Style Tip: Pendant lighting hung at different heights along a vaulted ceiling draws the eye upward without requiring any additional architectural work. One globe pendant over a seating area does more than a full row of recessed lights, and it costs considerably less to install. Tall ceilings need something to make them feel deliberate — a single pendant is usually enough.
Butcher Block Counters and Blue Cabinets That Mean Business

Slate blue cabinetry paired with butcher block counters skips the trendy all-white formula entirely, and the kitchen is better for it. Gold hardware keeps the palette from reading cold.

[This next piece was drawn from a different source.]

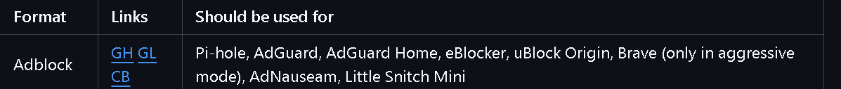 Hello everyone, how can we add Hagezi list inside AdGuard on MacOS? On Native Tracker - Broadband tracker of devices, services and operating systems section, there are different categories on the specific line Apple (iOS, macOS, tvOS) (AdBlocker, Domains, etc.) with diffferent sub categories (GH, GL, GB). Which one do I have to choose?
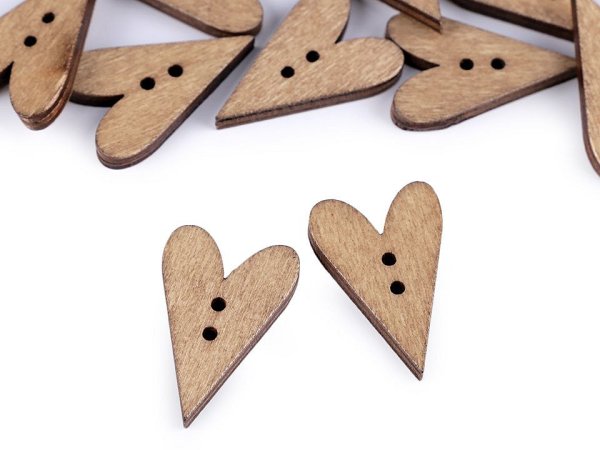 Drevené gombíky v tvare srdca využijete na dekoračné účely, prevažne pri scrapbookingu. Ozdobíte s nimi foto rámčeky, priania, menovky, pozvánky, denníky a pod. Môžete ich použiť aj do kvetinových väzieb, ktoré krásne oživia. Gombíky sú balené v sáčku. Neodporúčame ich prať. [V balení po 50 ks je 47 - 49 ks gombíkov.]

The farmhouse sink sits slightly left of center, and the range hood’s brushed finish pulls the stainless appliances into a coherent line without matching them exactly.
Color Story: Slate blue reads differently depending on the light hitting it — in morning sun from those double windows, it pulls green, and by evening it shifts closer to navy. Picking a paint color off a swatch in the store won’t tell you any of that. Paint a large sample board, put it on the actual cabinet, and live with it for a few days before committing.
Black Chairs and a Wood Table That Don’t Try Too Hard

Four black dining chairs pull up to a warm-toned wood table without competing for attention. The pendant above is industrial and unpretentious. Lanterns and a small succulent bowl handle the centerpiece without overdoing it.
- Matte black furniture reads quieter against light walls than it does against dark ones
- A single overhead pendant centered above a dining table does more work than scattered accent lighting
- Natural fiber rugs hold up better under dining chairs than pile rugs, which catch crumbs and snag legs
Sleeping quarters get their own moment here, and the bedroom delivers something the rest of the house doesn’t.
Quilted Comforter and a Tufted Headboard That Pull the Room Together

A teal velvet headboard anchors the bed, and a globe pendant overhead keeps the lighting from feeling like an afterthought. Wood floors carry the rest of the room without asking for much else.
Gold Hardware and a Wood Vanity That Earn Every Inch of Counter Space

Brushed gold sconces flank two rounded mirrors above a double vanity with a marble countertop and warm wood cabinets below. Hexagonal tile in the adjacent shower keeps things from reading too formal. A small plant on the counter does real work — more than most people expect from a four-inch pot.
History Corner: Marble has been used in bathrooms since ancient Roman bathhouses, where it signaled both wealth and permanence. The veining in any slab forms over millions of years under pressure, which means no two countertops ever look exactly alike — a fact worth remembering when you’re trying to match samples at the tile yard.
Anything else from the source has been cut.